A) Homology-directed DNA repair activity measured in OVCAR3 shCtrl and shCLDN4 (#1 and #2) cells transfected without I-SceI and with I-SceI. B) Non-homologous end-joining DNA repair activity measured in OVCAR3 shCtrl and shCLDN4 (#1 and #2) cells transfected without I-SceI and with I-SceI. C) OVCAR3 shCtrl and shCLDN4 (#1 and #2) cells treated with 375 nM olaparib used for immunofluorescence against γH2ax (green) and XRCC1 (red). Nuclei stained using DAPI (blue). D) OVCAR3 shCtrl and shCLDN4 (#1 and #2) cells treated with vehicle control or 375 nM olaparib used for immunofluorescence against γH2ax (green) and 53BP1 (red). Nuclei stained using DAPI (blue). E) Same as D, quantification of 53BP1 foci per nuclei from five field of views. F) Low (2-69, n=95) and high (70-1899, n=107) mutation count from TCGA ovarian cancer tumors (x-axis) compared to claudin-4 mRNA expression (y-axis). Claudin-4 protein expression (CPTAC) versus Mutation count (y-axis) from 82 HGSOC TCGA tumors. Experiments performed at minimum in triplicate. Error bars, SEM. Statistical Test, one way ANOVA with multicomparison correction (A, B, E, F) or unpaired t-test (F) or Spearman Correlation (F). *p<0.05, **p<0.01, ***p<0.001, ****p<0.0001.

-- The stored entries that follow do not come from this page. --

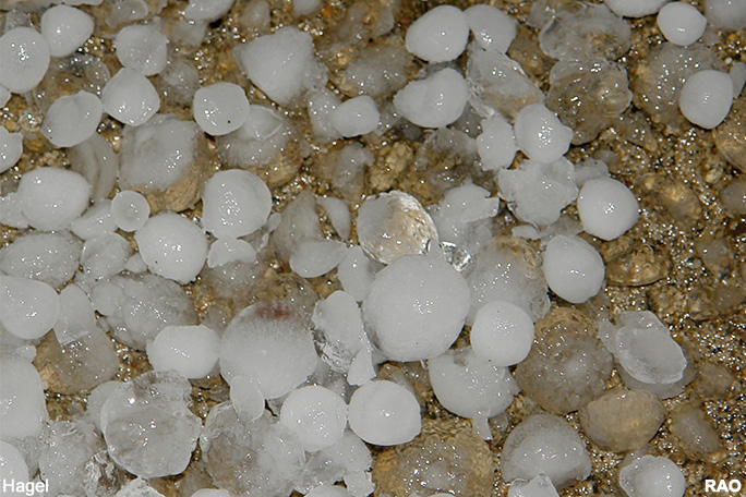 Informationen zu Hagelkorngrössen: |
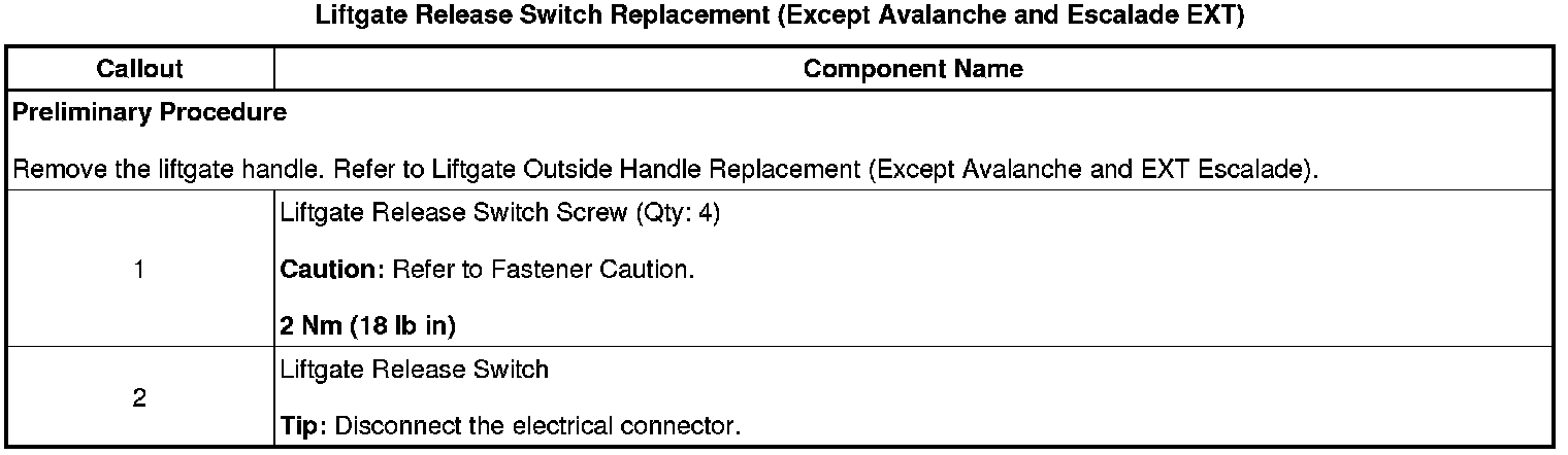 Liftgate Release Switch Replacement (Except Avalanche and Escalade EXT)
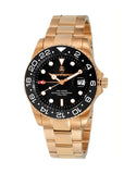 Case Case Measurements: L-42.0 mm W-42.0 mm H - 12.0 mm Case Material: Stainless Steel (Gold tone) Crown: Rose tone, Medium Post, Water proof, Screw-down. Crystal: Mineral, with Magnifying Date. Bezel: Rotating Uni-Directional, Black Ceramic -White Numeral in Gold tone trim. Dial: Black Enamel Date Window Dial, Luminous Index hour indicator , and Hour-Minute Hand in Gold tone. Back Case: Screw-Down Case back Band Bracelet Measurement: W - 22.0 mm L- 8 in Maximum Wrist Size: 9.50 in Bracelet Material: Stainless Steel , Rose tone Middle links polished. Clasp: Push button fold over dual deployment clasp, with original logo Movement Type: Quartz (Swiss Made) Caliber: Ronda - 515.24D Water Resistance: 10 ATM - 100 meters - 330 feet
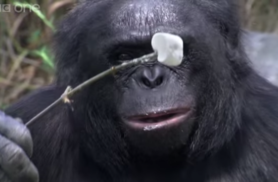 Well, really, it’s a Bonobo ape, which are notoriously intelligent — but we ain’t never seen a primate manage to build a fire and roast marshmallows on its own, without help from a trainer. (They can even get the marshmallows suitably toasted, which, what?)
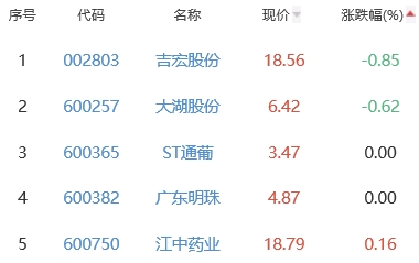 吉宏股份、大湖股份、ST通葡、广东明珠、江中药业位列涨幅榜后五位,涨幅分别为-0.85%、-0.62%、0.00%、0.00%、0.16%。
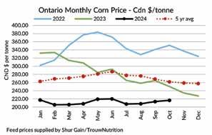 Ontario corn prices have trekked higher over the past number of months, to $217/tonne in October. Corn prices have been below the 10-year average every month this year. The 2024
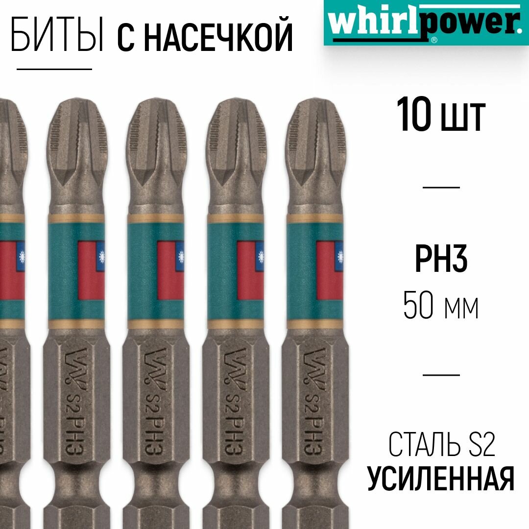Whirlpower Биты 10 шт. WP, сталь S2, с насечкой, Профи, PН 3x50 мм 57578
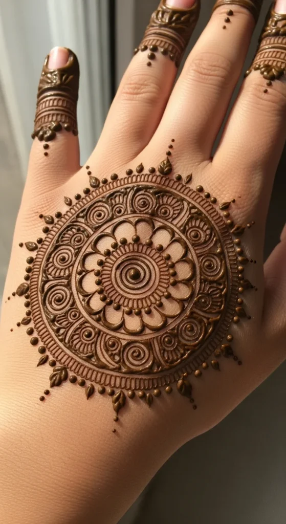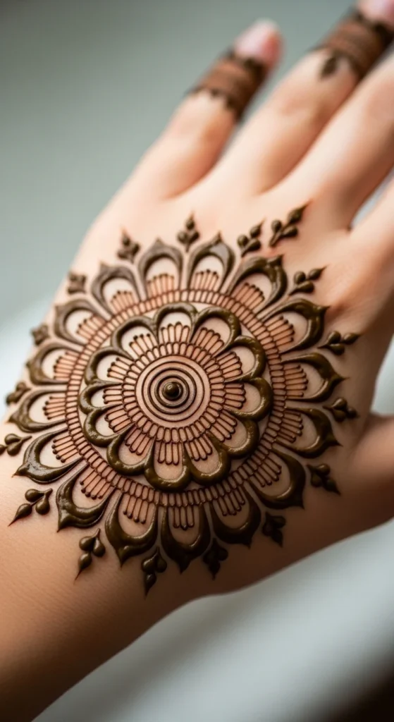 A full focal mandala circle is the most complete version of a circle mehndi design. It starts with a center dot or flower, then grows outward in neat rings of petals, dots, curves, and borders. The reason it works so well is that everything expands from one central point. That keeps the design balanced even when it becomes more detailed.
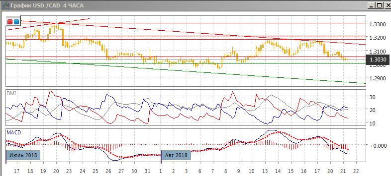 На четырёхчасовом графике пара преодолела поддержку на 1,3050, и минимумы 14-15 и 17 августа. Снижение ниже 1,1350 можно рассматривать и как преодоление промежуточного минимума двойной вершины у 1,3180. Исходя из размера модели в 130 пунктов целью может быть уровень 1,2920. По индикаторам направленного движения тенденцией стало снижение: DM- выш DM+, разрыв увеличивается, ADX в отрицательной зоне, линия MACD имеет отрицательный наклон.
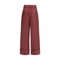 Max Mara püksid on elegantse ja struktureeritud rätsepatööga. Helkivas elevandiluu toonis mudelil on laiad sääred, kõrge värvel ning tõmbluku, liistu ja konkskinnitusega sulgemine; lisaks küljetaskud ja tagumised kahekordse kandiga taskud nööbiga ning sobiv nahast vöö ümmarguse pandlaga.
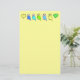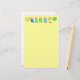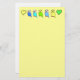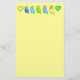 Papel de escribir amarillo con los parakeets cartoonish y los corazones verdes y amarillos
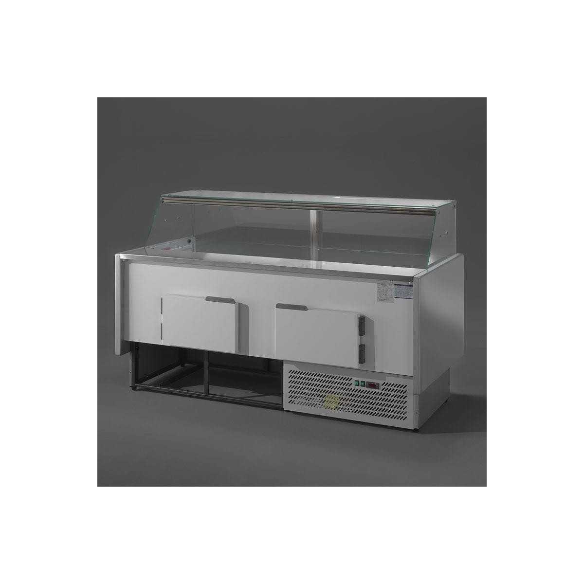BANCO ESPOSITIVO REFRIGERATO VETRO CURVO CON CELLE RISERVA - MENSOLA E ANTINE SCORREVOLI INCLUSE

Figure 5:. Olaparib and inhibition of claudin-4 inhibit proliferation of primary ovarian cancer tumors.

A) Workflow of the ex vivo experiments using primary tumor tissue. Primary tumors were classified as claudin-4 null/low or claudin-4 high based on immunofluorescence (IF, claudin-4, green and nuclei, DAPI). IHC against Ki67 was completed in all the tumors, tumors were de-identified, and a histology score (H-score) was calculated based on intensity of Ki67 signal and percentage of tumor cells from at least three fields of view. B) Representative H-score and claudin-4 IF for claudin-4 null/low expressing ovarian cancer tumors. C) Representative H-score and claudin-4 IF for claudin-4 high expressing ovarian cancer tumors. D) Representative Ki67 images of claudin-4 null/low and high expressing ovarian cancer tumors (Scale bar, 50 microns). E) Normalized Ki67 H-score based control (Ctrl) treated tumors for all the claudin-4 null/low (N=5) and high (N=7) expressing serous ovarian tumors. Three fields from each tumor were analyzed and each tumor is represented by three matched colored spots. Error bars, SEM. Statistical test, one way ANOVA with multicomparison correction. *p<0.05, **p<0.01, ***p<0.001, ****p<0.0001.